The response must consist of the lines from the one holding "在外界宏觀條件不利、疫情生死" through the final line of the entries, given again exactly and without any pictures.

── INPUT

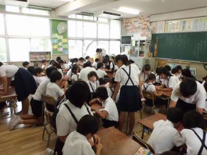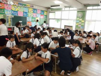 1年生がお昼休みにつるを折りました。1年生だけではつるを折ることがむずかしかったので6年生のお兄さんお姉さんがお手伝いにきてくれました。1年生の人たちは一緒に折れてとてもうれしそうでした。
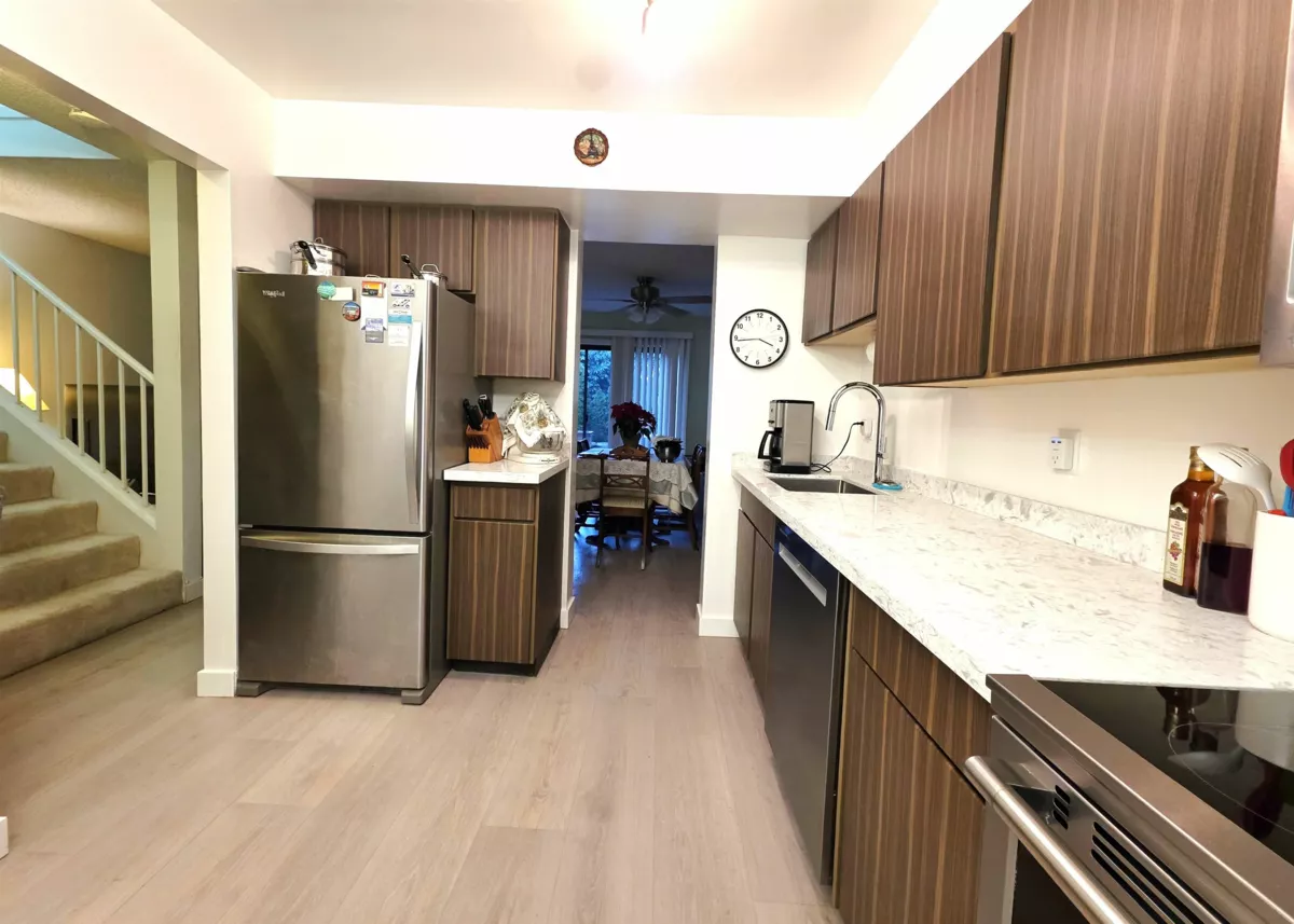 Welcome to Timberlane! This nicely redone 3 generous-sized bedroom, 2 bath townhome features a brand new kitchen with new cabinet doors and countertop, plus a brand new composite deck with new patio door and screen, along with a new hot water tank. Enjoy peace of mind with additional renovations completed in 2023, including updated vinyl flooring, a refreshed powder room, new stove, dishwasher, fridge, and fresh paint. Family-friendly complex close to schools, parks, Green Timbers trails, transit, Surrey Memorial, shopping and amenities. Don’t miss out!
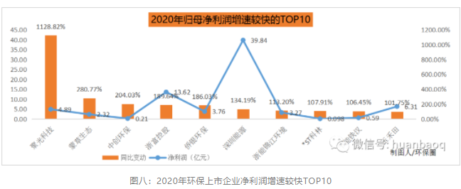 在外界宏觀條件不利、疫情生死攸關(guān)的2020年,仍有一些上市環(huán)企脫穎出來,從凈利潤增速來看,2020年增速較快TOP10上市環(huán)企非常有看點(如圖八所示)。
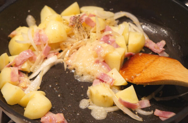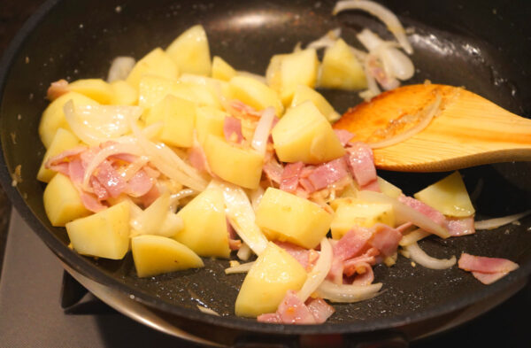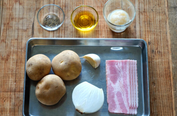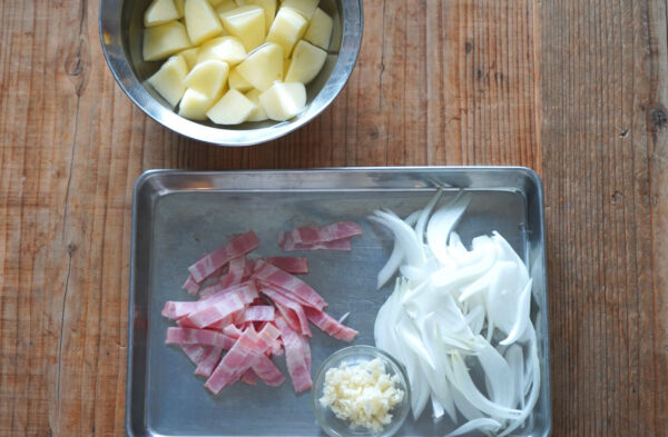 じゃがいもは一口大に切り10分程水にさらす。ベーコンは1cm幅に切る。玉ねぎは薄切り、にんにくはみじん切りにする。
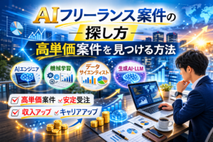 この記事では、AIフリーランス案件の種類、探し方、高単価案件を狙うコツ、注意点までをわかりやすく解説します。
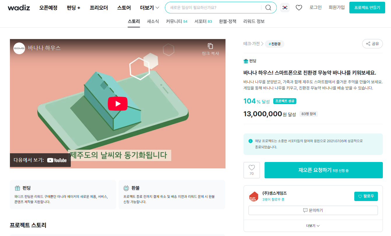 * 게임을 통해 실제 바나나 농장(제주 김녕소재) 연동(2021년)
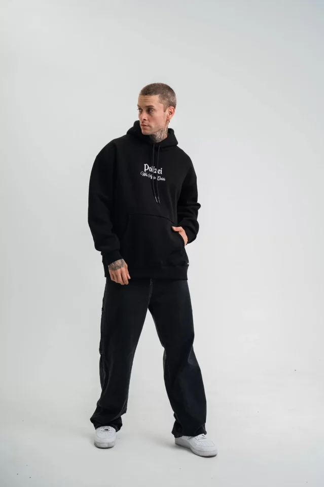 POLIZEI Premium Kalite Kapşonlu Dijital Patchli SweatShirt - Siyah
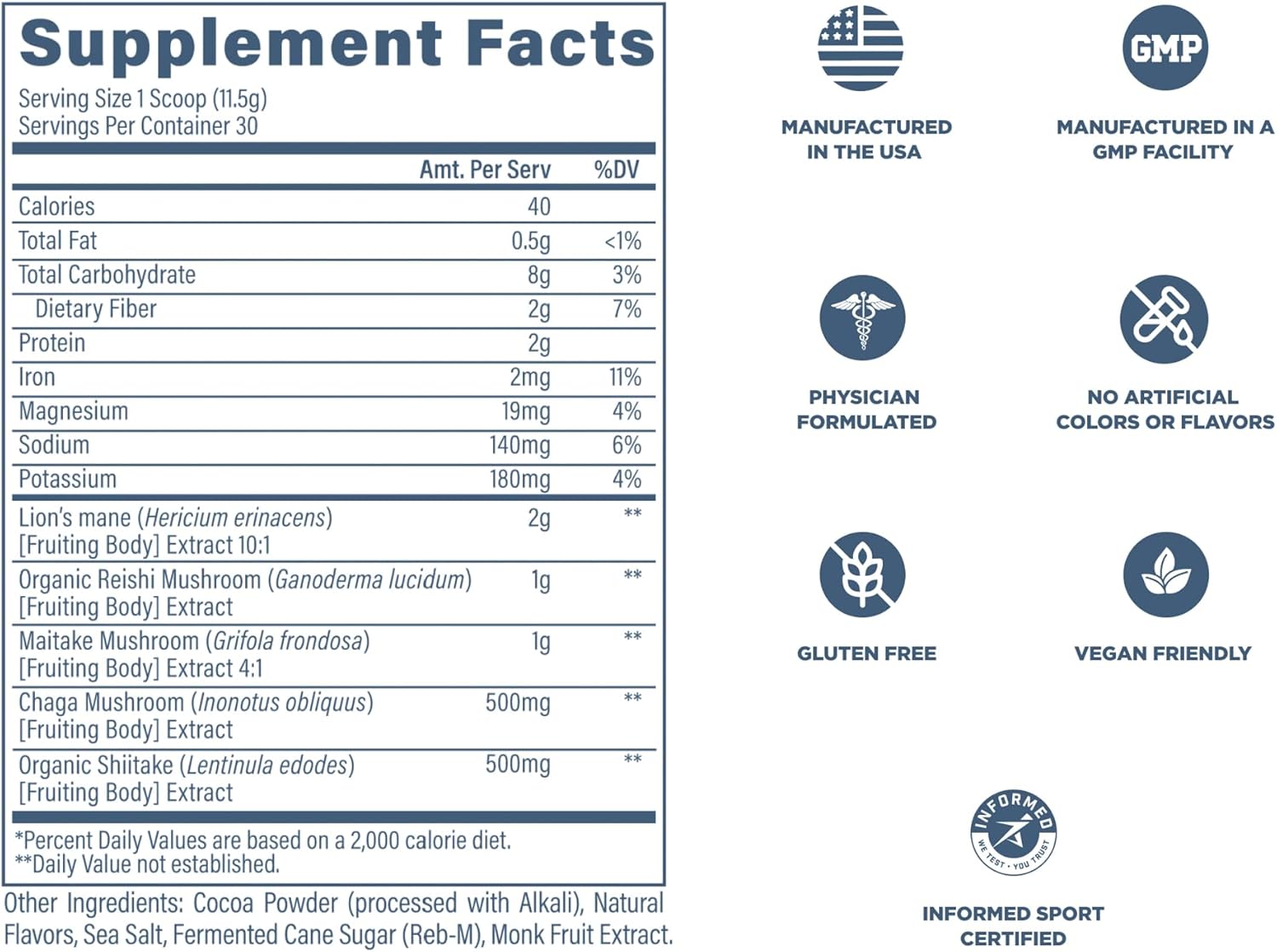 - Other Ingredients – Cocoa Powder (processed with Alkali), Natural Flavors, Sea Salt, Fermented Cane Sugar (Reb-M), Monk Fruit Extract

────

◆ RESPONSE TO THE EXERCISE
 在外界宏觀條件不利、疫情生死攸關(guān)的2020年,仍有一些上市環(huán)企脫穎出來,從凈利潤增速來看,2020年增速較快TOP10上市環(huán)企非常有看點(如圖八所示)。
 じゃがいもは一口大に切り10分程水にさらす。ベーコンは1cm幅に切る。玉ねぎは薄切り、にんにくはみじん切りにする。
 この記事では、AIフリーランス案件の種類、探し方、高単価案件を狙うコツ、注意点までをわかりやすく解説します。
 * 게임을 통해 실제 바나나 농장(제주 김녕소재) 연동(2021년)
 POLIZEI Premium Kalite Kapşonlu Dijital Patchli SweatShirt - Siyah
 - Other Ingredients – Cocoa Powder (processed with Alkali), Natural Flavors, Sea Salt, Fermented Cane Sugar (Reb-M), Monk Fruit Extract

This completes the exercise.